Dans la psychose ordinaire, quand l’axe imaginaire réussit, il y a un effet de normalisation.
A. Stevens a décliné différentes formes de stabilisations imaginaires : par l’idée imaginaire d’une communauté ; par le phénomène du dédoublement imaginaire hallucinatoire, comme dans le cas de Donna Williams ; par le marquage du corps (piercing ou tatouages comme des agrafes sur le corps) qui peut stabiliser un corps qui fuit et permet de tenir le sujet au corps. Le marquage du corps ne désigne pas nécessairement une psychose, mais il y a chez les psychotiques un côté pas arrêtable alors que chez les névrosés, il y a un principe de limitation.

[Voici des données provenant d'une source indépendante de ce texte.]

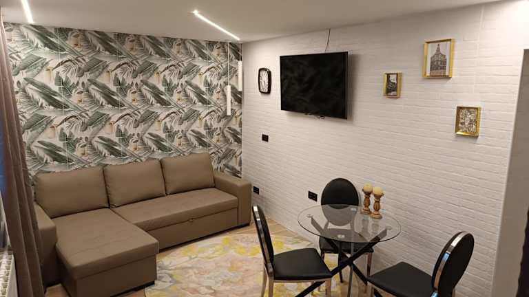 Die Ferienwohnung besteht aus einem separaten Schlafzimmer, einem Wohnzimmer und einer voll ausgestatteten Küche, die über einen Kühlschrank und einen Geschirrspüler verfügt. Außerdem gibt es ein Badezimmer. Handtücher und Bettwäsche werden zur Verfügung gestellt.

Avant de nous proposer un schéma de la forclusion généralisée, A. Stevens a terminé le séminaire en nous parlant de Joyce qui se servit de la lettre pour se fabriquer un corps dans le corpus littéraire.
Père | | | | | | | | | | | | | | | | | | | | | | | | | | | | | | | | | | | | | |métaphore délirante
suppléances Béquilles
sinthome imaginaires
Les participants, ravis de cet intense travail, ont longuement applaudi Alexandre Stevens.
Nous poursuivrons le travail sur la psychose ordinaire avec Guy Briole en mars 2013 et avec Dominique Holvoet en avril 2013.